TASK DESCRIPTION:
Leave the pictures out. Retype exactly the lines below from the one containing "찹쌀 누룽지와 함께 치즈속에" through the one containing "關(guān)于鄭州極端強降", and no others.

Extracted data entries
>>>
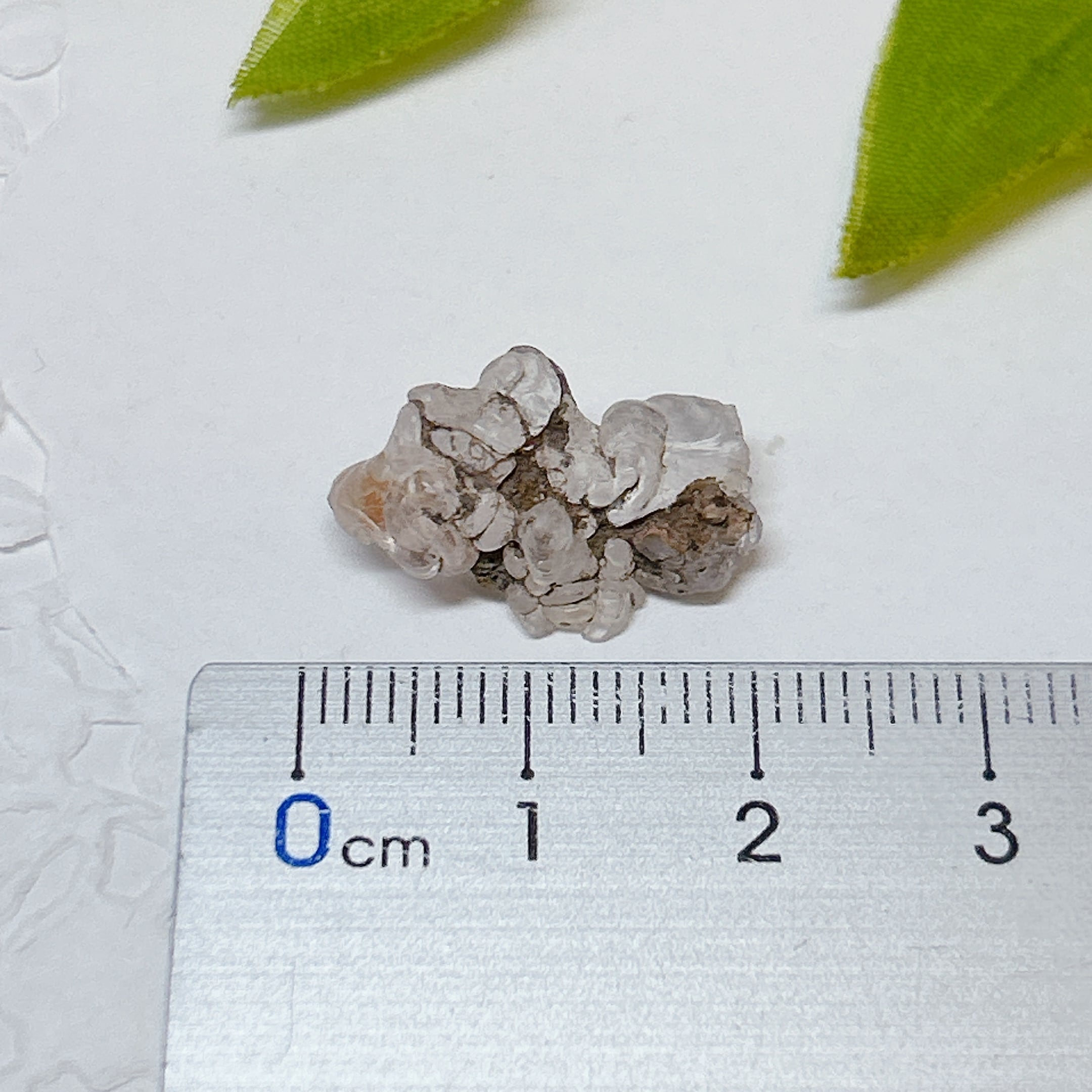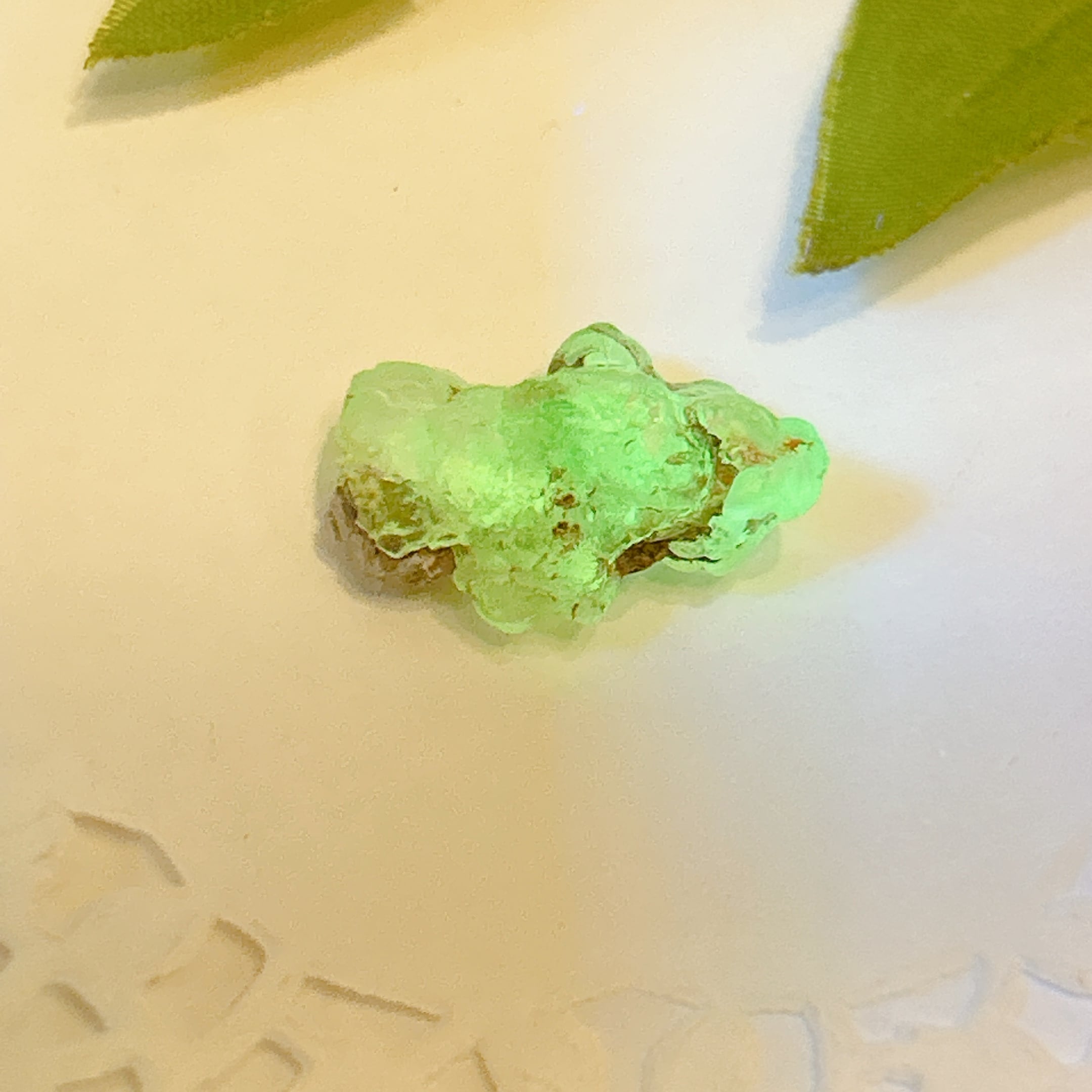 かたまってできたもので、紫外線(ブラックライト)で黄緑色の蛍光を発する。
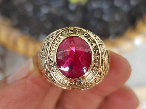 nhẫn mỹ vàng 10k hột đỏNhẫn mỹ University năm 1948Trên cùng là hột màu tím hoa violet với bề mặt mài đa giác đáy rỗng tạo độ thông thoáng , bao quanh hột là câu...
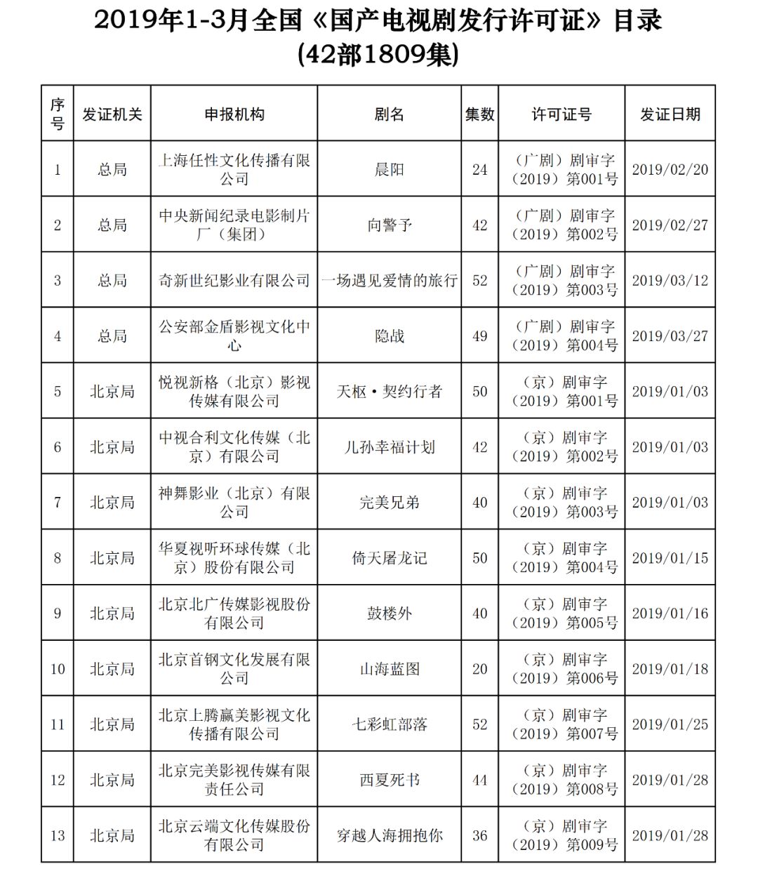 2019年1-3月,全国各类电视剧制作机构共计生产完成并获准发行国产电视剧42部1809集。
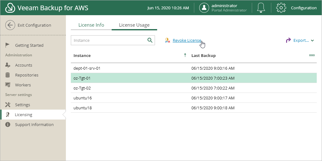 - On the License Usage tab, select the necessary EC2 instance from the list, and then click Revoke License. Veeam Backup for AWS will revoke a license unit from the selected EC2 instance, and the license unit will be freed for other EC2 instances that you plan to protect.
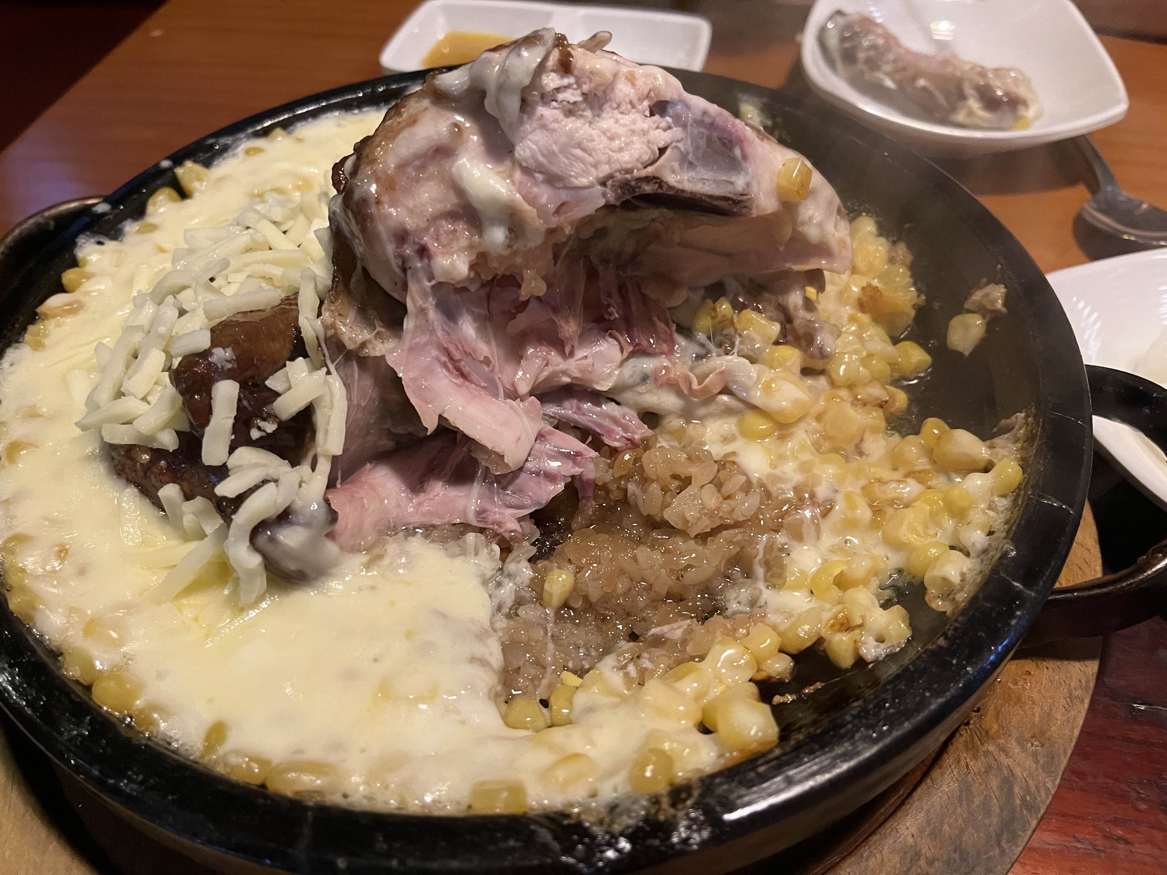 찹쌀 누룽지와 함께 치즈속에 감춰진 부드러운 속살의 닭이 있는데, 진짜 쫄깃한 식감 좋아하신 분들이나 누룽지 좋아하시고
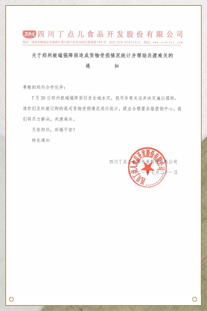 關(guān)于鄭州極端強降雨造成貨物受損情況統(tǒng)計并幫助共度難關(guān)的通知
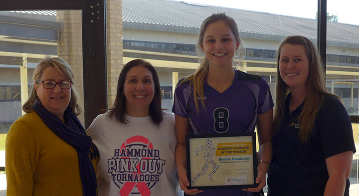 With a 3.65 GPA, senior student Sophie Domingue has played volleyball for four years at Hammond High Magnet School. She is pictured above, second from right. Also pictured, from left, are: Hammond High Magnet School Principal Shelly Gaydos, Head Volleyball Coach Amber Babin and North Oaks Athletic Trainer Kacie Edwards.
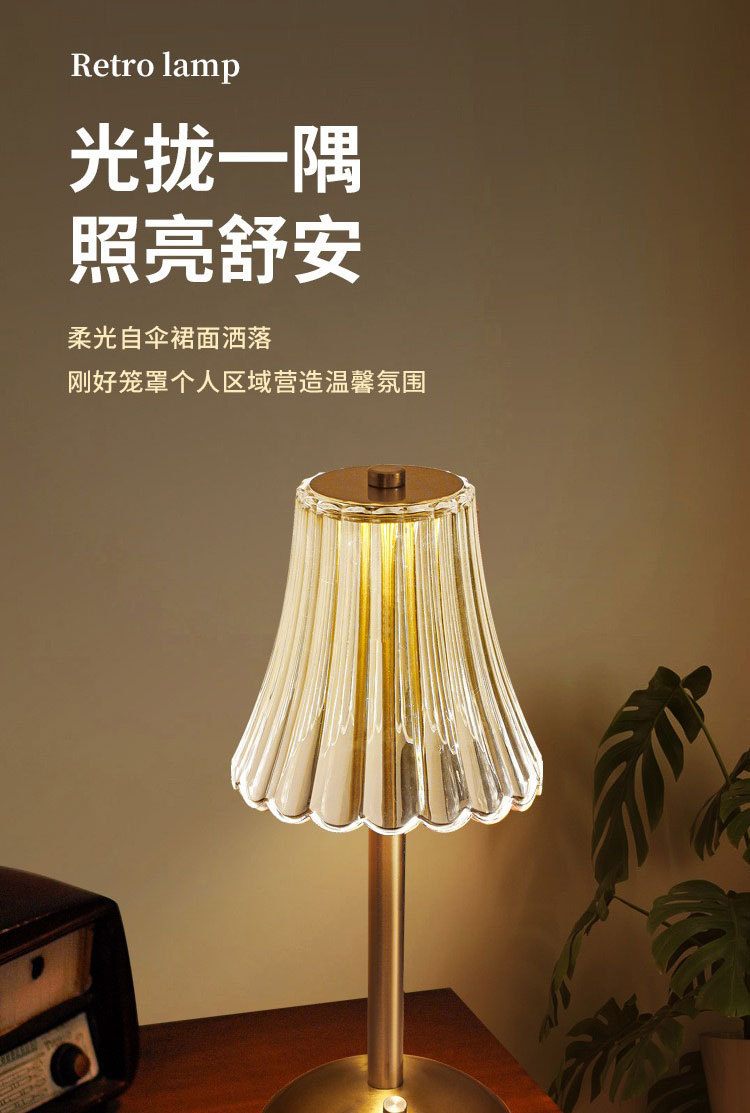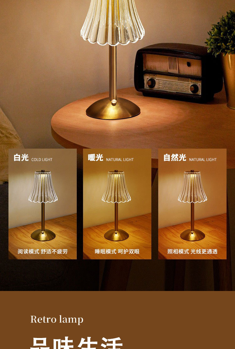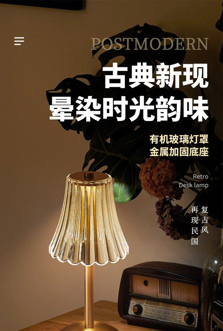 국경 간 크리스탈 복고풍 테이블 램프, 고급 침실 분위기 조명, 라이트 럭셔리 마스터 침실 머리맡 램프, 장식용 충전식 야간 조명
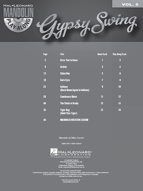 Gypsy Swing Mandolin Play Along Volume 5 Softcover With Cd
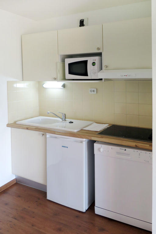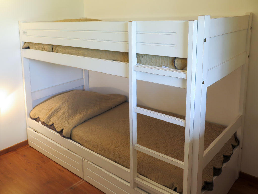 « Les Cottages du Lac T3 », apt 3 pièces 38 m2. Clair, aménagement plaisant: séjour/salle à manger avec table pour les repas et TV (satellite) (écran plat). Sortie sur le balcon, sur la terrasse. 1 chambre avec porte coulissante avec 1 grand-lit (140 cm, longueur 190 cm). 1 chambre avec 1 x 2 lits superposés (80 cm, longueur 180 cm). Cuisine ouverte (lave-vaisselle, 4 plaques vitrocéramiques, grille-pain, bouilloire électrique, micro-ondes, cafetière électrique). Salle de bains, WC séparé. Chauffage électrique. Balcon ou terrasse couverte. Mobilier de balcon. A disposition: chaise haute pour enfant, lit bébé (en sus). Internet (Connexion WIFI, gratuit). Veuillez noter: logement non-fumeur. Maximum 1 animal/ chien autorisé. Détecteur de fumée, extincteur.
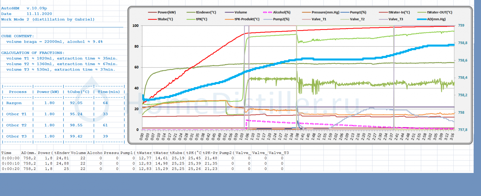 На этой диаграмме отображены все параметры используемые автоматикой, в том числе и "голубое" АД (выделил жирной линией, отсчет значений правая ось ординат). Брага от 11. Первый раз работаю с ректификационной колонной. . Вопросы ректификаторов. По его поведению легко понять, что при этом погоне, датчик АД во всю лентяйничал. Так как атмосфера была практически нормально-идеальной (около 758мм.рт.ст). Но ведь АД 740 и ниже таки не редкость. А бражку так хочется отжать по максимуму...
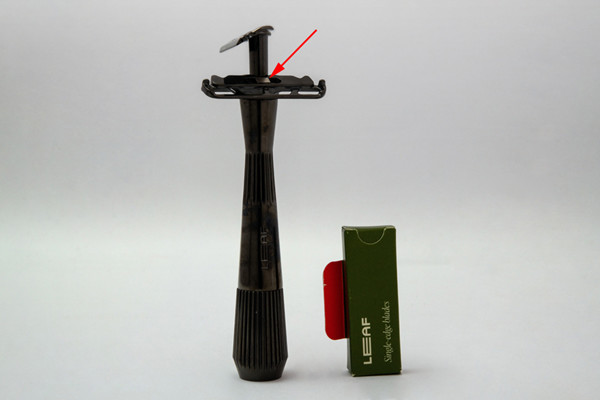 Der er en rigtig smart detalje; der sidder en lille magnet i base-pladen som ”griber” bladet, og har man ikke ramt helt rigtig, kan man lirke det på plads derefter. Magneten er stærk nok til at skraberen kan vendes på hovedet uden det falder af, hvilket jeg synes er en god feature både når bladet sættes, og når det fjernes igen (magneten er vist ved den røde pil på fotoet nedenfor)
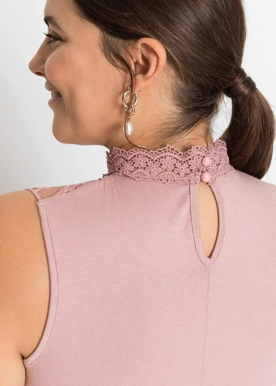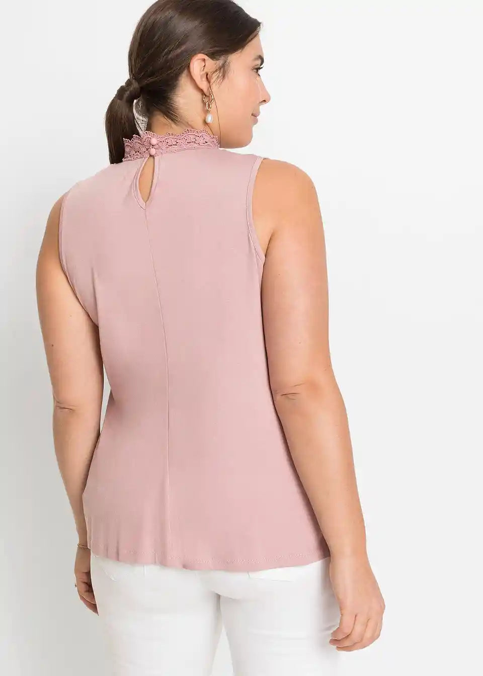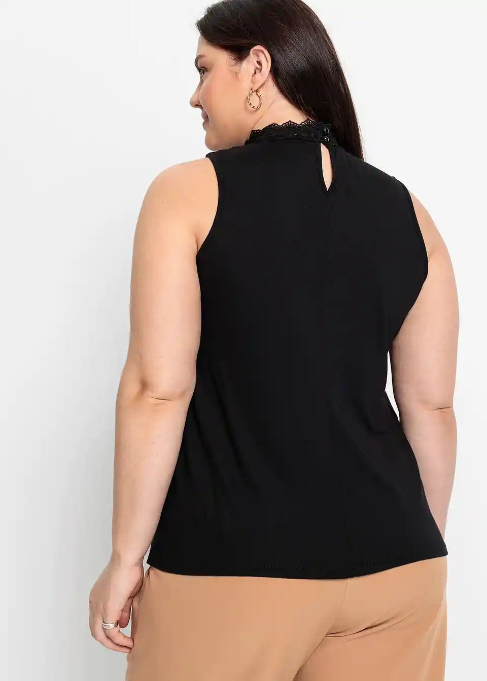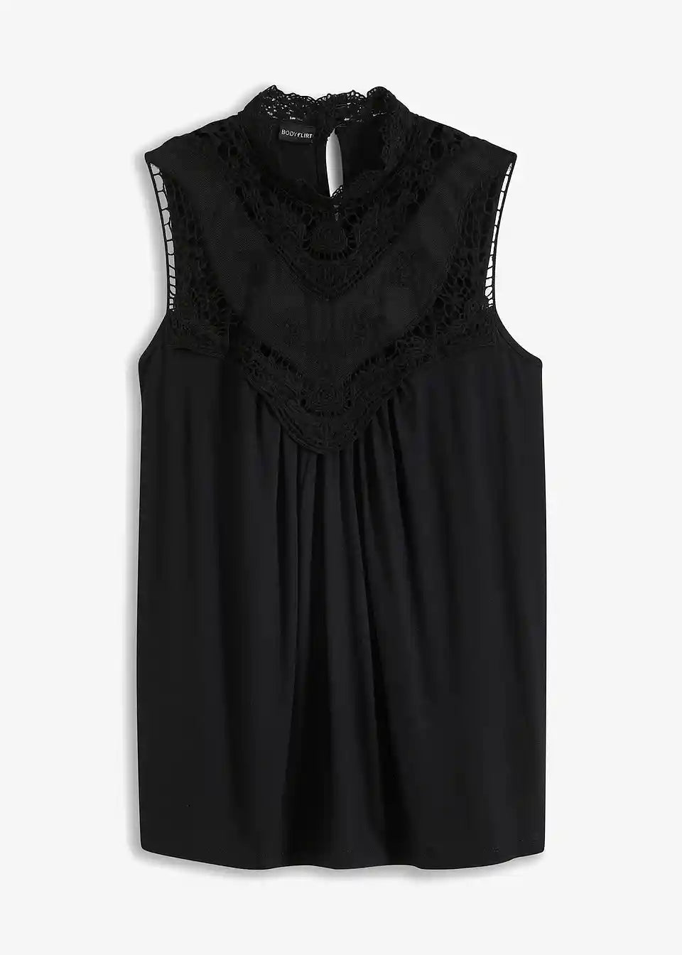 Ta brezrokavna srajčna bluza znamke BODYFLIRT očara z elegantnim dizajnom. Odlikuje jo mehko padajoč material z lahkotnim krojem. Izrez je okrašen z elegantnim čipkastim vložkom, ki bluzo dopolnjuje z romantičnim pridihom. Poseben poudarek je majhen stoječ ovratnik, ki se na hrbtnem delu zapenja s paščkom na gumb.
<<<
EXPECTED ANSWER:
 찹쌀 누룽지와 함께 치즈속에 감춰진 부드러운 속살의 닭이 있는데, 진짜 쫄깃한 식감 좋아하신 분들이나 누룽지 좋아하시고
 關(guān)于鄭州極端強降雨造成貨物受損情況統(tǒng)計并幫助共度難關(guān)的通知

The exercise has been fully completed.